*WHAT IS EXPECTED:* Repeat only the lines below that run from the line with "Кожаные сапоги с" to the line with "- 2-Piece Cushion", ends included; skip every picture.
━━━━━━━━━━
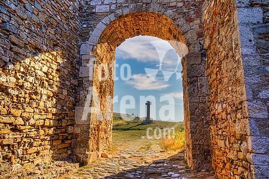 ibxraa10260299 Stone arch with view of a path and ancient column in the background, sea fortress Methoni, Peloponnese, Greece, Europe
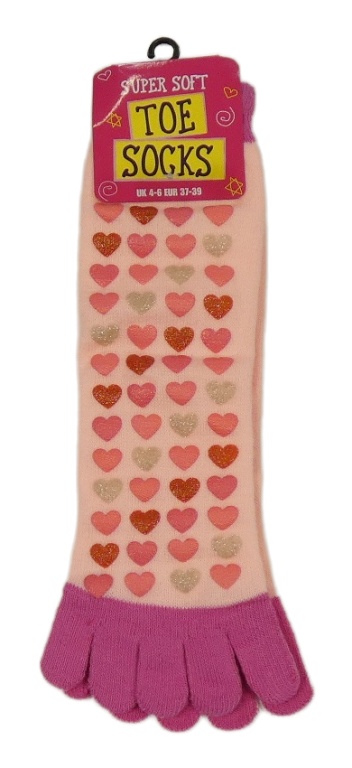 Nové - broskvovo-tmavoružové teplákové prstové ponožky so srdíčky vel. 37-39
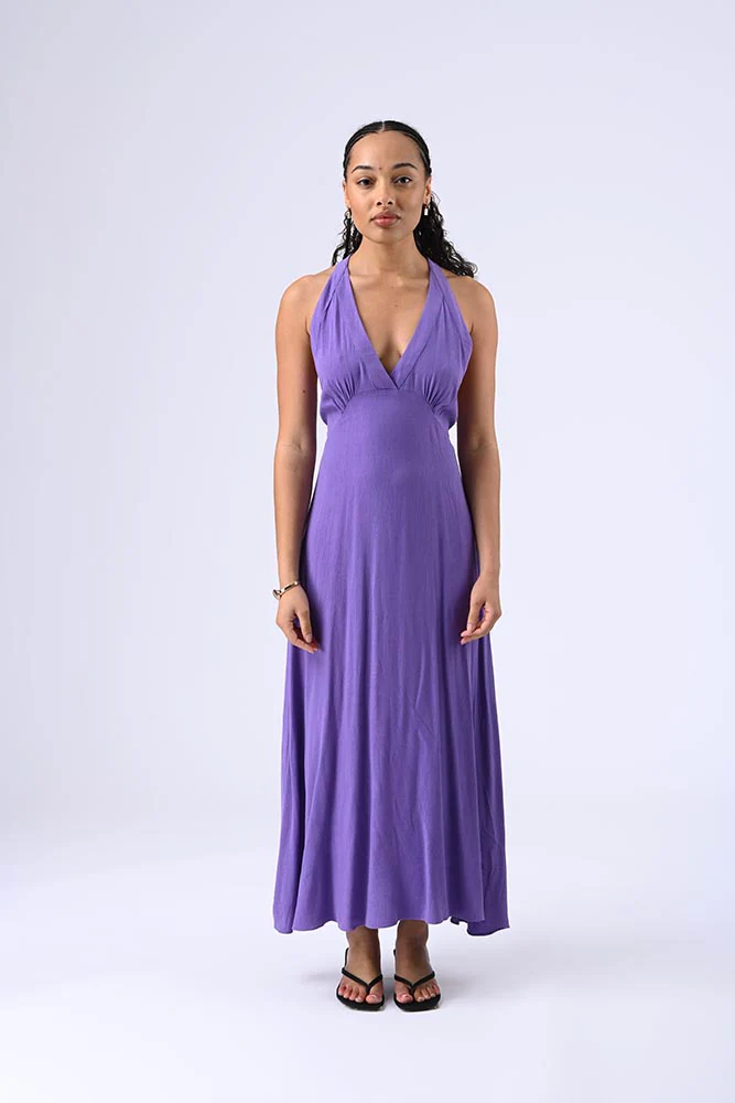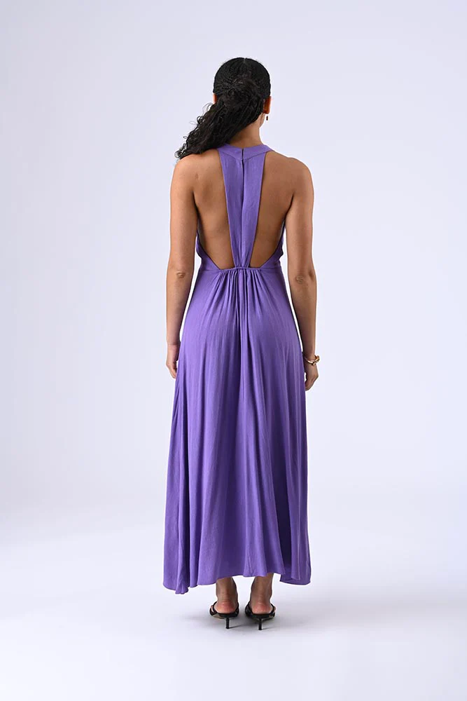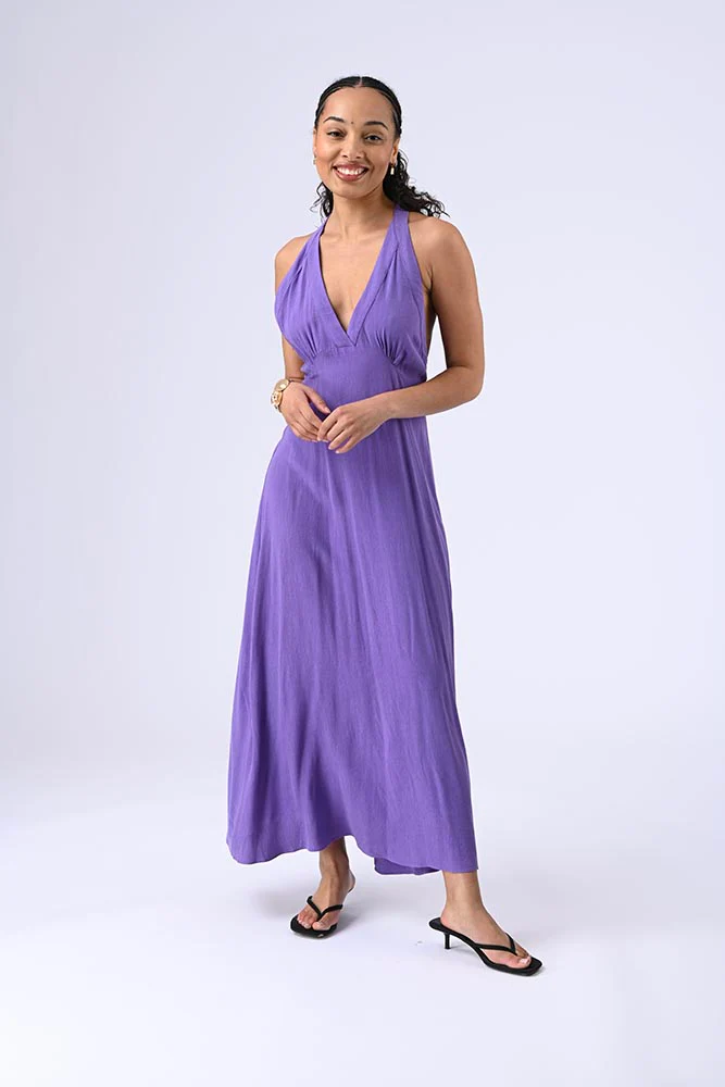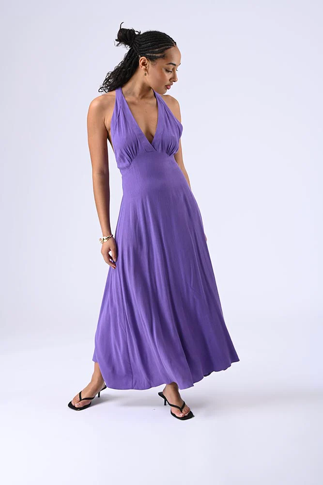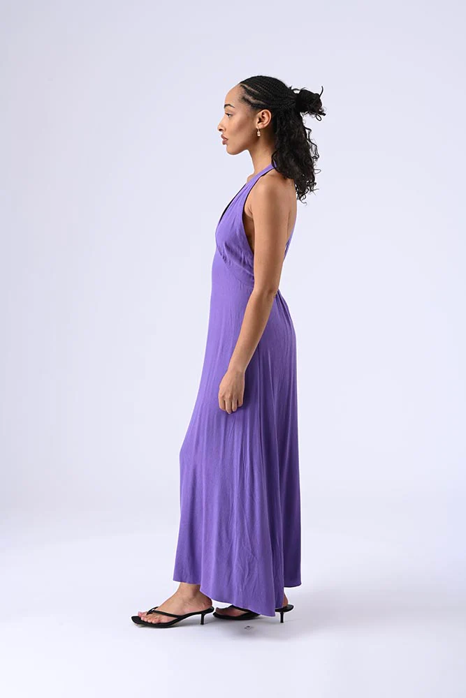 Robe longue à décolleté plongeant, dos nu avec larges bretelles reliant le bas, élastique sur le haut pour un ajustement parfait et une allure audacieuse. Couleur violet
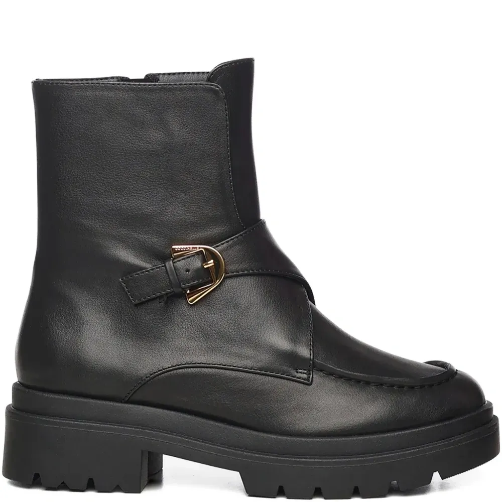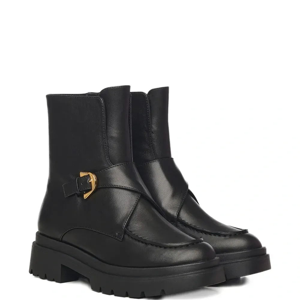 Кожаные сапоги с ремешком и пряжкой, каблук 35 мм
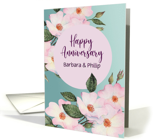 Customize Any Name Happy Anniversary Watercolor Pink Roses Botanical
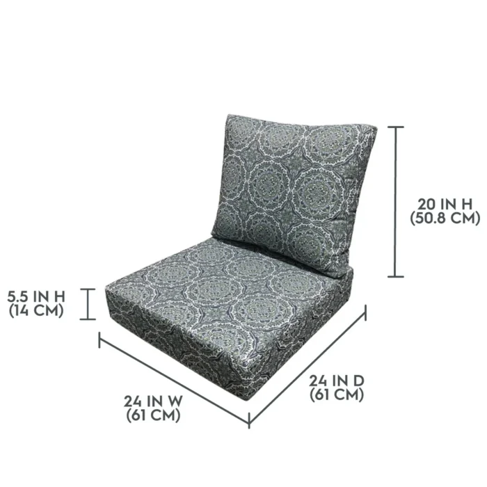 - 2-Piece Cushion Set; Includes Back: 20” L x 24” W x 7” H / Seat: 24” L x 24” W x 5.5” H
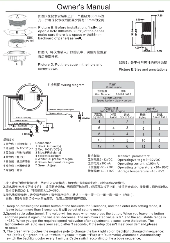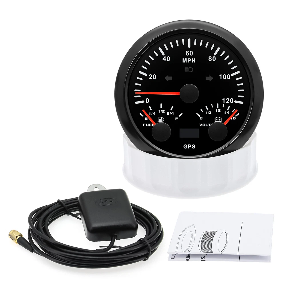 85mm GPS Speedometer 0-120MPH Fuel/Volt/Tacho/Oil Press/Water Temp with Senders 2 Gauge Set With Senders 85mm GPS Speedometer 0-120MPH Fuel Gauge Volt Tachometer 0-8000RPM Water Temp ℉ Oil Press PSI NOTES: The water temperature gauge, Oil pressure gauge does not support desktop testing. It is necessary to connect the SENDING UNITS in order to use it properly. Any helps, please do not hesitate to contact me. Thank you Features: RPM Tachometer Support : Car /Truck/ Boat /Diesel Generator Engine /Gasoline Engine Waterproof:IP67 Excellent anti-fogging function; 316 Stainless steel bezel with curved glass; Convenient Installation by multi-plug socket connecting way; With curved glass( with anti-fog function). 7 colors baclight for your choose (red (default)→green →blue →white →yellow →cyan →Purple→(automatic)),customers can adjust any color that you like Tachometer fit for Car /Truck/ Boat /Diesel Generator Engine /Gasoline Engine GPS Speedometer Specification: Size: 85mm GPS Speedometer: 0-120MPH Fuel level: 0-190ohms, 240-33ohms, 10-180ohms, 0-90ohms(Can be adjusted) Voltage: 8-16V Working voltage: 9-32VDC Working current: <100mA Working temperature: -30-80℃ Storage temperature: -40-85℃ Backlight :7 Color backlight Color: Black Tachometer Specification: Size: 85mm Tachometer: 0-8000RPM Oil pressure: 0-150PSI Water temperature: 100-250℉ Engine hours: 0.0-99999.9H Working voltage: 9-32VDC Working current: <100mA Working temperature: -30-80℃ Storage temperature: -40-85℃ Backlight :7 Color backlight Color: Black Input parameter Oil pressure sensor: 10~184ohms Temperature sensor: 301~22ohms Tachometer Connection 1 Black: Ground(-) 2 Red: 9-32vDC(+) 3 Blue:PRM signal 4 Yellow: Backlight 5 White: Oil pressure signal 6 Brown:Temperature signal 7 Green:Adjust GPS Speedometer Connection 1 Black : Ground(-) 2 Red : 9~32vDc(+) 3 Blue : Fuel signal 4 Yellow : BackLight 5 White : High Beam 6 Brown: Buzzer alarm(+) 7 Green: Nc 8 Yellow: Left Turn 9 Gray: Right Turn 10 white: External Button Package Included: 1 x 85mm 3 in 1 GPS Speedometer 1 x 85mm 3 in 1 Tachometer Gauge 1 x GPS Antenna 1 x 1/8NPT Temp sensor 1 x 1/8NPT Pressure sensor 2 x Cable 2 x Installation Instruction
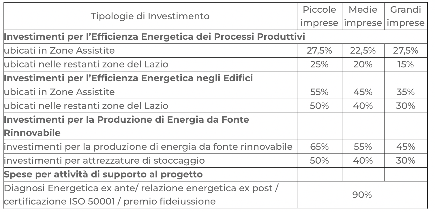 L’intervento è destinato ad Imprese con sede operativa nel Lazio. L’unità produttiva nella quale si prevede di realizzare l’investimento deve aver registrato complessivamente nell’anno 2023 consumi di energia primaria non inferiori a 60 MWh/anno.
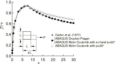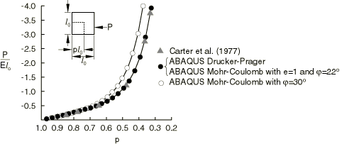 The specimen is initially stress-free and is made of an elastic, perfectly plastic material. The elasticity is linear, with a Young's modulus of 30 MPa and a Poisson's ratio of 0.3. Carter et al. assume that the inelastic response is governed by a Mohr-Coulomb failure surface, defined by the friction angle of the Coulomb line ( 30°) and the material's cohesion (c). They also assume that the cohesion is twice the Young's modulus for the extension test and 10% of the Young's modulus in the compression test. The above problem is solved using the Mohr-Coulomb plasticity model in Abaqus with the friction angle and the dilation angle equal to 30°. However, note that this Abaqus Mohr-Coulomb model is not identical to the classical Mohr-Coulomb model used by Carter because it uses a smooth flow potential.
━━━━━━━━━━
*ANSWER TO THE PROBLEM:*
 Кожаные сапоги с ремешком и пряжкой, каблук 35 мм
 Customize Any Name Happy Anniversary Watercolor Pink Roses Botanical
 - 2-Piece Cushion Set; Includes Back: 20” L x 24” W x 7” H / Seat: 24” L x 24” W x 5.5” H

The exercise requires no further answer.